Acting Like Grown Ups?

(Cartoon by Steve Sack, published 10/10/13 in the Minneapolis Star-Tribune.  Click on image to enlarge.)

Merciful heavens! Congress managed to pass a bill to raise the debt ceiling!  And it was a clean bill, too.  The White House and the Democrats didn't have to give up anything to get it passed:  no (further) cuts to social programs, no demands for the beheading of a cabinet member, no strings whatsoever.  What happened?  Were the Tea Partiers hung over from all their victory celebrations? 

Nope.  Apparently, according to Doyle McManus of the Los Angeles Times, the Tea Party was stung by the increasing drop in their popularity among even conservatives and decided, as voiced by Rep. Michele Bachmann, to pick their battles.

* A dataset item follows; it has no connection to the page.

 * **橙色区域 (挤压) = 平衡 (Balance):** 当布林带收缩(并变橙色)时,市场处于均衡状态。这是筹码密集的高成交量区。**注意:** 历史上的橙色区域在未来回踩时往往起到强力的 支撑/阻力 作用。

Here's what Doyle McManus suggests about the 'switch' in tactics:

To some tea party militants around the country, Bachmann's words sounded like surrender. But the Minnesota congresswoman and her colleagues on Capitol Hill were simply embracing lessons learned from October's disruptive government shutdown.

Back then, tea party conservatives expected the American public to rally behind their demand to defund President Obama's healthcare plan — but the public didn't rally. Instead, voters turned against the GOP for staging a needless crisis, driving the party's popularity to record lows.

From that experience, the tea partiers learned some crucial lessons. The first was: Don't stage a crisis without a plan to win something from it.

The demands made by congressional conservatives in the fall were nonstarters, given a Democratic Senate and a president with veto power. The only thing they could offer was obstruction, and Americans didn't like that. And that brought the tea party to lesson No. 2: Branding yourself as "the Party of No" only gets you so far.

A third lesson came from the calamitous rollout of President Obama's healthcare plan, which rescued the GOP from its slump. With that, conservatives in Congress learned that if you think your opponent's signature project is a train wreck, the best thing to do is get out of the way and let the voters watch it crash. [Emphasis added]

McManus points out that as part of the new strategy, they have forged links with more traditional GOP backers and think tanks and have taken some lessons on how Congress works and how to manipulate the media, presumably so that fewer people merely point at them and laugh and more people will pay attention to the Tea Party agenda.  They also intend to do a better job screening and training the candidates they put up each election.

None of this means that the civil war in the GOP is over, just that a smarter tea party may be less inclined to sabotage itself. Almost 90% of John Boehner's House Republicans voted against the speaker on the debt ceiling, but they didn't make a scene while doing it.  [Emphasis added]

Sigh ... I shall miss the funny hats.